Tuesday, 8 December 2015

Day 2, 2015: CHOCOLATE-COATED MINT PATTIES

Company’s Coming: Home For the Holidays :  by Jean Pare

Baked for your tasting pleasure by Sue Aldred. You can sample these chocolate bits of heaven today at the Rosa M. Harvey Middleton and Area Library.

Just as good as the store-bought patties, but better because you made them at home!
3 ½ Tbsp. flour
6 Tbsp. milk
3 cups icing sugar
1 tsp. peppermint extract 
1 ½ cups milk (or dark) chocolate, melted with ¼ bar paraffin wax
Mix flour and milk in a small saucepan until smooth. Stir constantly on medium heat until boiling and very thick. Remove from heat.

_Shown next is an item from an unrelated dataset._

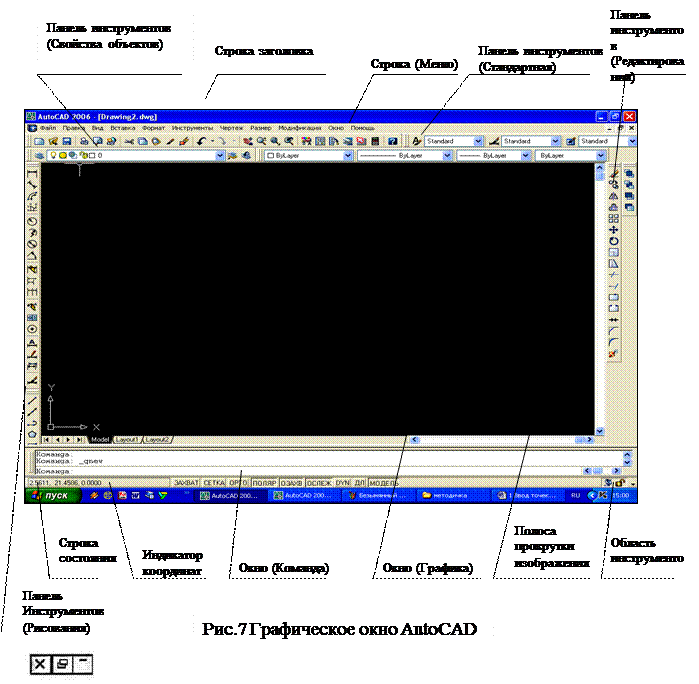 После загрузки программы появляется графическое окно AutoCAD (рис. 7), которое содержит основные элементы интерфейса и область, где выполняется черчение. В заголовке этого окна выводится наименование программы и имя файла с его расширением. По умолчанию AutoCAD присваивает всякому вновь создаваемому файлу имя Drawingl.dwg, которое, во избежание недоразумений, следует сразу же изменить, воспользовавшись меню File | Save As (Файл | Сохранить как) для вызова команды сохранения файлов. В правой части заголовка окна имеется три кнопки (рис 8). С помощью первой кнопки (с горизонтальной чертой) можно свернуть окно программы на панель задач, вторая управляет размерами графического окна, а третья (с крестиком) предназначена для выхода из программы. Под заголовком окна строка меню, в конце которой размещены такие же три кнопки, что и в строке заголовка. Эти кнопки предназначены для управления окном текущего рисунка. В третьей строке графического окна находятся стандартная панель инструментов и панель с выпадающими списками текстовых и размерных стилей. Четвертая строка содержит панель управления слоями и панель свойств объектов. Все панели плавающие, т. к. могут перемещаться по поверхности графического окна, если зацепить их левой кнопкой мыши за два вертикальных ребра в начале панели и удерживать кнопку. Самая нижняя строка графического окна называется строкой состояния. В левой ее части выводятся координаты X, Y, Z (при плоском черчении координата Z всегда равна 0) положения курсора в зоне рисования окна, а в средней части находятся кнопки, которые управляют вызовом прозрачных команд. Эти команды могут выполняться во время исполнения любой другой команды. Выше строки состояния находится окно команд, которое по умолчанию состоит из 3 строчек, начинающихся со слова Command: (Команда). Первая снизу строка активная — в нее вводятся команды и данные, которые управляют работой программы. Любая комбинация символов, набираемая на клавиатуре, автоматически попадает в активную строку команд. В нижней части окна рисунка находится вкладка Model (Модель) и одна или несколько вкладок Layout (Лист). Вкладка Model (Модель) обеспечивает доступ в пространство модели, в котором обычно и создаются чертежи. Пространство листа используется для выполнения компоновки чертежа перед выводом его на печать или созданием подшивки листов.

Add icing sugar and peppermint flavouring. Mix well. Let stand for five minutes. Turn onto surface dusted with icing sugar. Knead until smooth, adding more icing sugar as necessary, until no longer sticky. Divide into 2 equal portions. Shape each portion into a log, 1 inch in diameter. Cover with plastic wrap. Let stand at room temperature overnight. Cut into ¼ inch slices, re-shaping as necessary. Place on ungreased baking sheets. Let stand, uncovered, for about an hour, turning at halftime, until dry.
Heat the chocolate and paraffin wax over simmering water, stirring occasionally, until melted. Dip patties into chocolate (see tip below), allowing excess to drip back into melted chocolate. Place on foil or waxed paper-lined baking sheets. Let stand at room temperature until firm. Makes about 5 dozen mint patties. Enjoy and Happy Holidays!

Tip: For best results when dipping candies into chocolate, be sure the candy is room temperature. Place candy on a fork and lower candy into chocolate to cover completely. Lift, allowing excess to drip back into the melted chocolate.